# My 240SX adventure!



## Guest (Jun 16, 2003)

Ok so first off, I drive a 2001 Honda Civic LX Sedan, which of course is front wheel drive. My friend came by at... well I dunno early for me since I was still asleep, and said he had a car out in the driveway, so I stagger out to look, and it's a white 1992 240SX. So he takes me for a spin, and then lets me drive. OH MY GOD! This having been the first time EVER for me driving a rear wheel drive car, I had a blast!  It hugged the corners like it was on rails compared to the Civic!

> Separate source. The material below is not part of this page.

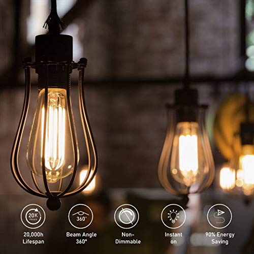 Risparmio Energetico ed Ecologico: LED lampadina vintage edison a filamento è da 4 watt, che equivale a una lampadina a incandescenza da 40 watt, risparmiando il 90% di energia e fornendo fino a 20.000 ore di durata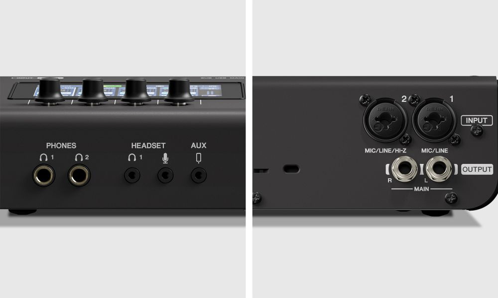 ■2 Mic/Line 入力(1 Combo/3.5 mm ヘッドセットマイク、1 Combo Hi-Z 対応)、1 AUX 入力(3.5 mm)

It was the funnest thing I've ever driven, second only to be being a passenger in a C5 Corvette going close to 200 km/h  

Anyway, so I take a left handed 90 degree turn, and just plant the throttle, the rear end stepped out, and I had to counter steer of course. WHAT A BLAST!  It was so fun whipping the rear end out, I love it, no my Civic seems so slow


----------



## Bumpin (Feb 18, 2003)

So get rid of the shitvic and get yourself a real car. A Nissan! get a 240 and throw the ass out as much as you want. You will get power, RWD, and a better looking car. Handle it son!


----------



## Guest (Jun 16, 2003)

Bumpin240sx said:


> *So get rid of the shitvic and get yourself a real car. *


Uh.. it isn't a "shitvic" it's a great, safe, and reliable car, so don't go and start insulting my car just because it isn't up to your standards  I didn't come on here to be attacked by some ignorant Nissan fan, I came on here to praise the 240SX in how impressed I was by it, not to have my choice of car insulted


----------



## Bumpin (Feb 18, 2003)

I'm not an ignorant Nissan fan, I am a person giving my opinion on the "civic" and dont forget which forum your in. Your gonna meet a lot of Nissan fans besides me in here.


----------



## Guest (Jun 16, 2003)

Yes I realize that, but that doesn't give anyone the right to say someone elses car is a "shitvic." Have some respect, it's a 2001, so it's not a beater.


----------



## vsp3c (May 15, 2003)

no more bashing on hondas. it has been done WAY TOO many times.. but still a honda driver in a nissan forum is gonna get bashed a lot.. sorry about that majarvis.. if you want to prove hondas, it's gonna take some time and work but good luck and welcome to nissan forums.com


----------



## Guest (Jun 16, 2003)

I know what you're saying. But please, you guys don't have to say my car is a "shitvic" it's a good car, it's just not fast. I mean over in my Honda forum, we don't rip up Nissan's, we have great respect for them, especially the Skyline, which is my favourite car.


----------



## blueboost (Jul 25, 2002)

Majarvis said:


> *I know what you're saying. But please, you guys don't have to say my car is a "shitvic" it's a good car, it's just not fast. I mean over in my Honda forum, we don't rip up Nissan's, we have great respect for them, especially the Skyline, which is my favourite car. *



because they deserve respect dude. its all relivant.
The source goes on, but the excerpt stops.